Para além disso, estes custos continuarão a diminuir. O Diretor Executivo da Anthropic, Dario Amodei, declarou recentemente que o custo de desenvolvimento de modelos continua a diminuir a um ritmo de cerca de quatro vezes por ano. Consequentemente, a taxa que os fornecedores de LLM cobram pela sua utilização também continuará a diminuir.
"Espero que o custo chegue a zero", disse Ashok Srivastava, CDO da Intuit, uma empresa que tem impulsionado fortemente a IA nas suas ofertas de software fiscal e contabilístico, como o TurboTax e o Quickbooks. "E a latência chegará a zero. Eles simplesmente se tornarão recursos básicos que podemos usar.
O DeepSeek e o Deep Research da OpenAI são mais do que apenas novas ferramentas no arsenal da IA - são sinais de uma mudança profunda em que as empresas irão implementar massas de modelos criados especificamente para o efeito, que são extremamente rentáveis, competentes e enraizados nos dados e na abordagem da própria empresa.

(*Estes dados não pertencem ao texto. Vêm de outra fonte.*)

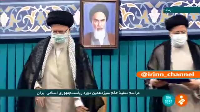 لحظه اعطای حکم تنفیذ سیزدهمین دوره ریاست جمهوری اسلامی ایران به سید ابراهیم رئیسی توسط رهبر انقلاب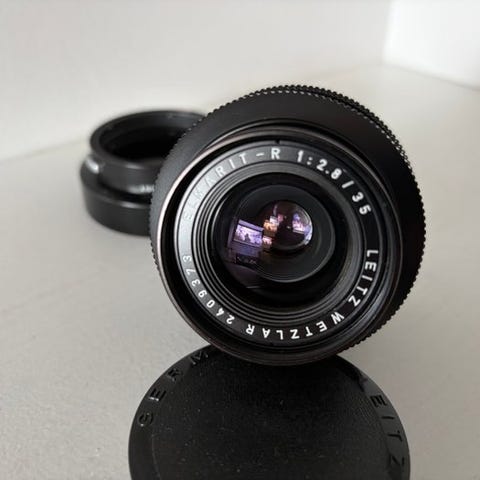 Inklusiv: UV-filter E55 og bagdæksel Leica R.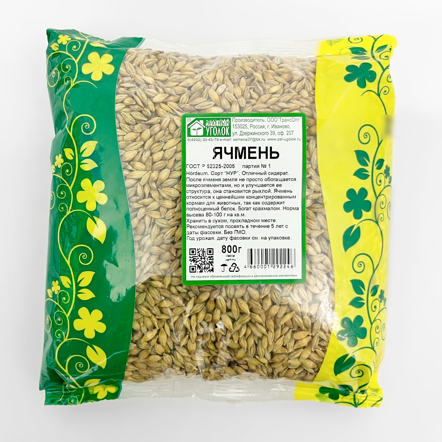 Ячмень 0,8кг Зеленый уголок семена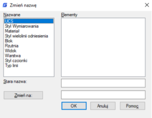 Okno to daje nam możliwość zmiany nazw: UCSów, , Stylom Wymiarowania, Materiałom, Stylom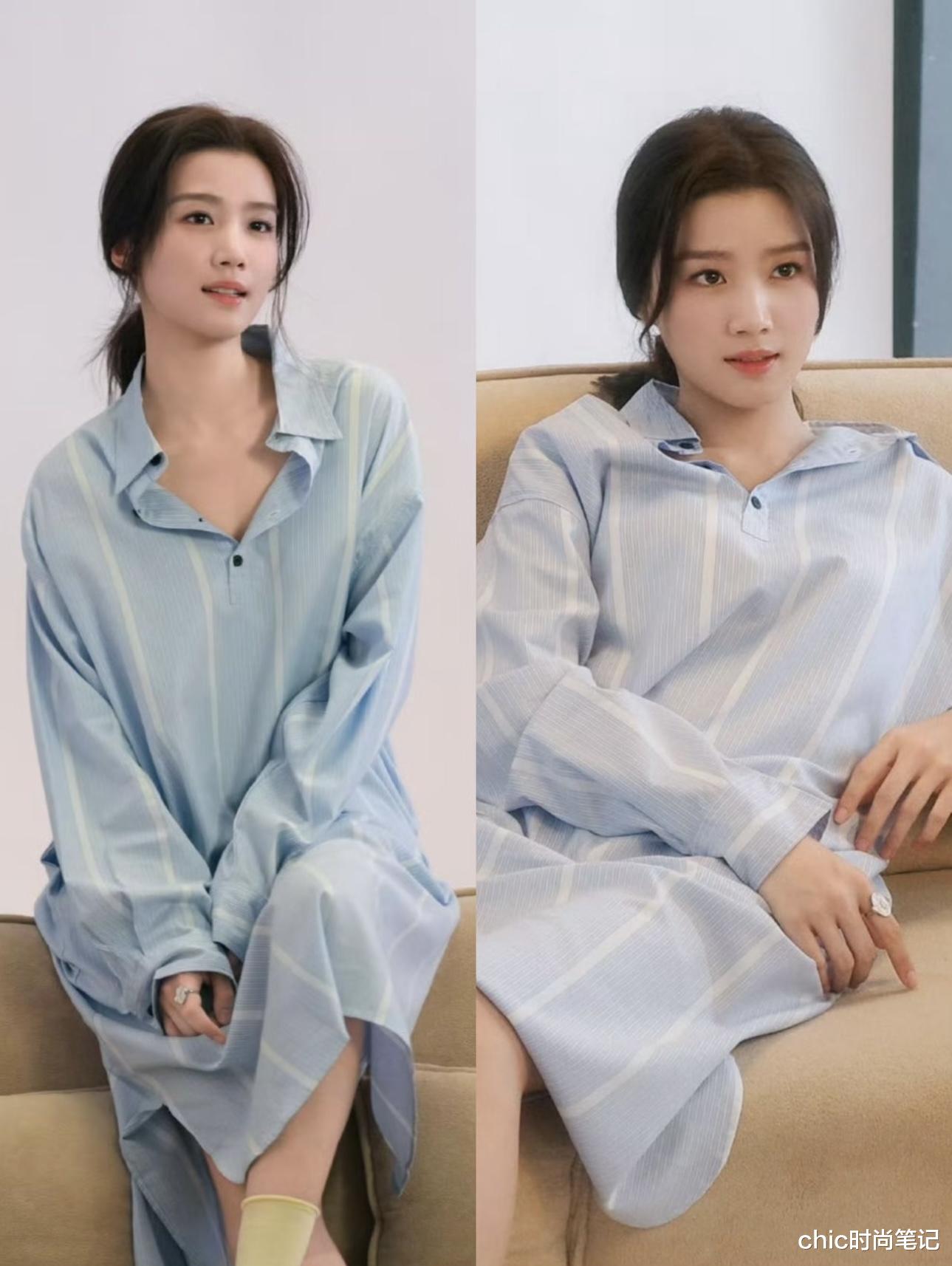 浅蓝色衬衫百褶连衣裙自带学院风,搭配小白鞋和小白袜妥妥的减龄穿搭,如果想穿搭更有层次感,那就学学李沁点缀一件黑白条纹针织衫,既可以作为外套保暖又可以起到时尚效果。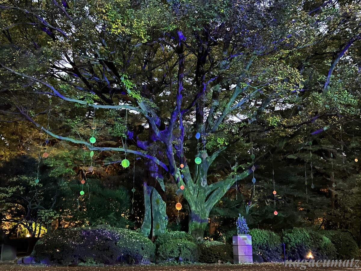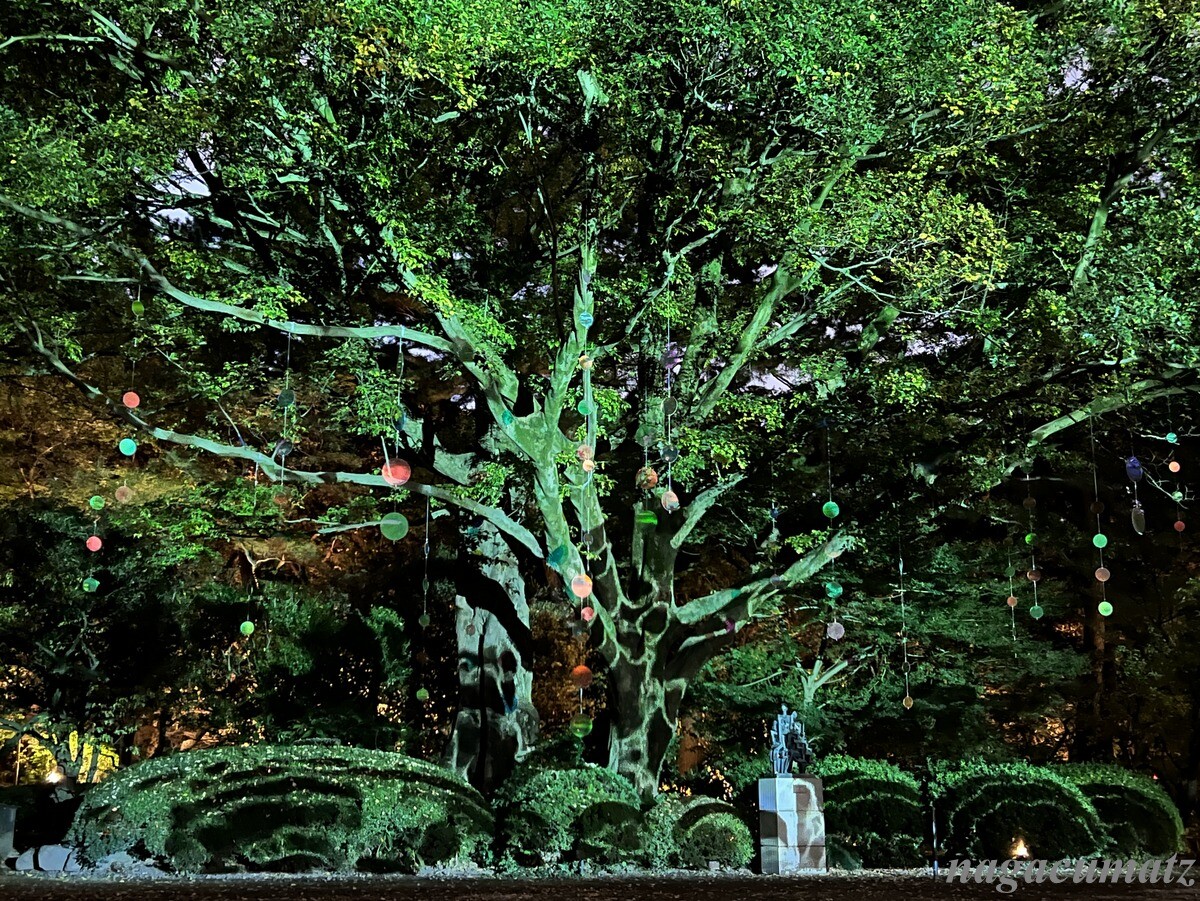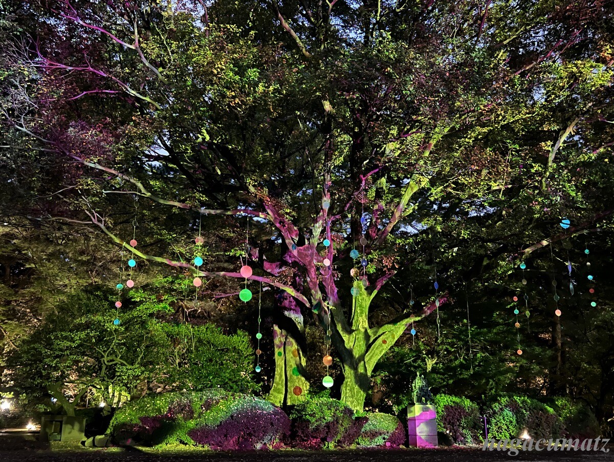 庭園内のムクノキは、芝庭のシンボルツリー。その木を祝の紙吹雪のようにモビールで飾り付け、プロジェクションマッピングを日没後から見ることができる。

Para as empresas, a mensagem é clara: as ferramentas para criar aplicações de IA poderosas e específicas de um domínio estão à mão. Se não tirar partido dessas ferramentas, corre o risco de ficar para trás. Mas o verdadeiro sucesso virá da forma como se selecionam os dados, se exploram técnicas como o RAG e a destilação e se inova para além da fase de pré-treino.
Como Packer, da AmEx, afirmou: as empresas que gerem corretamente os seus dados serão as que liderarão a próxima vaga de inovação em IA.